DATA EXTRACT:
-*-

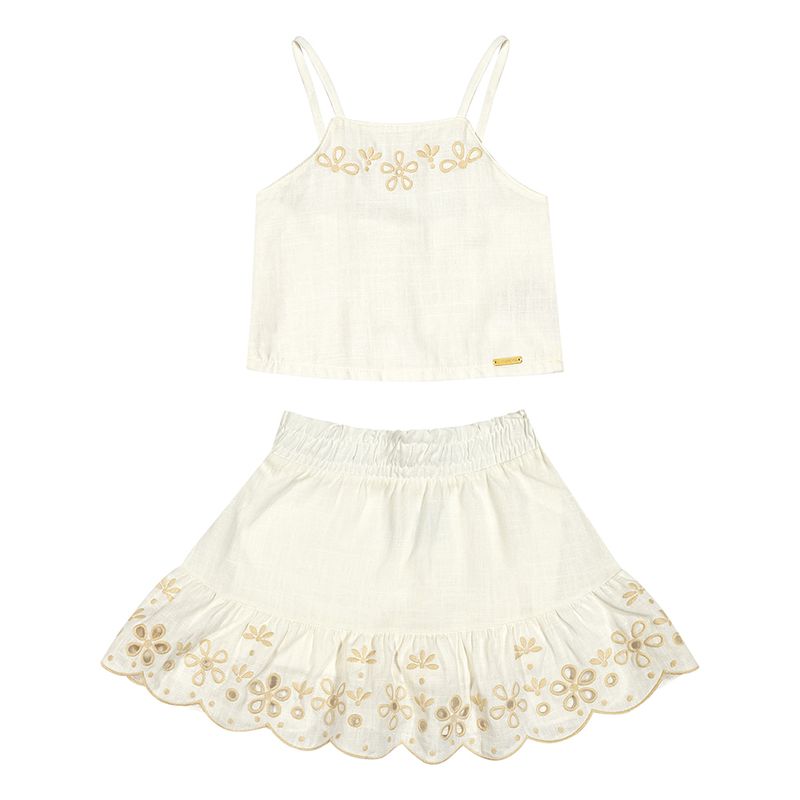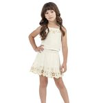 Conjunto Feminino Infantil Coloritta 75219 Material: VISCOLINHO E MEIA MALHA PENTEADA Manga: ALCA Abertura: FECHADA Bordado Vazado
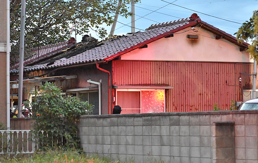こちらが火元となった家。半焼状態との事で、屋根が一部黒く焦げている
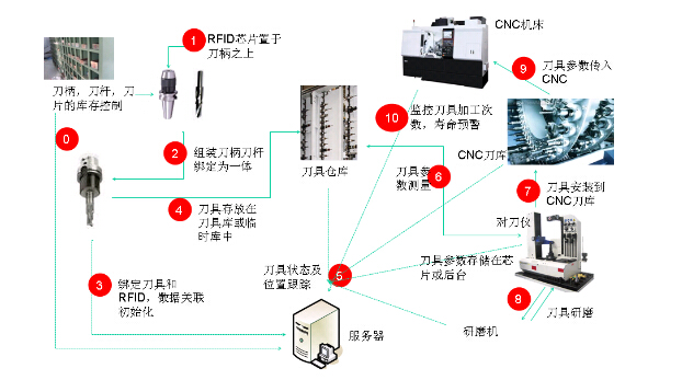解決方案:在刀柄上安裝RFID標簽,實現對刀具的自動辨識,并自動調用刀補參數,以及對應的加工程序,實現從工件裝夾到完成所有加工工序的智能化,并實現對刀具的全生命周期跟蹤與管控。

-*-

WHAT IS BEING ASKED: Please give back the data above word for word, with no pictures included.

ANSWER TO THIS TASK:
 Conjunto Feminino Infantil Coloritta 75219 Material: VISCOLINHO E MEIA MALHA PENTEADA Manga: ALCA Abertura: FECHADA Bordado Vazado
こちらが火元となった家。半焼状態との事で、屋根が一部黒く焦げている
解決方案:在刀柄上安裝RFID標簽,實現對刀具的自動辨識,并自動調用刀補參數,以及對應的加工程序,實現從工件裝夾到完成所有加工工序的智能化,并實現對刀具的全生命周期跟蹤與管控。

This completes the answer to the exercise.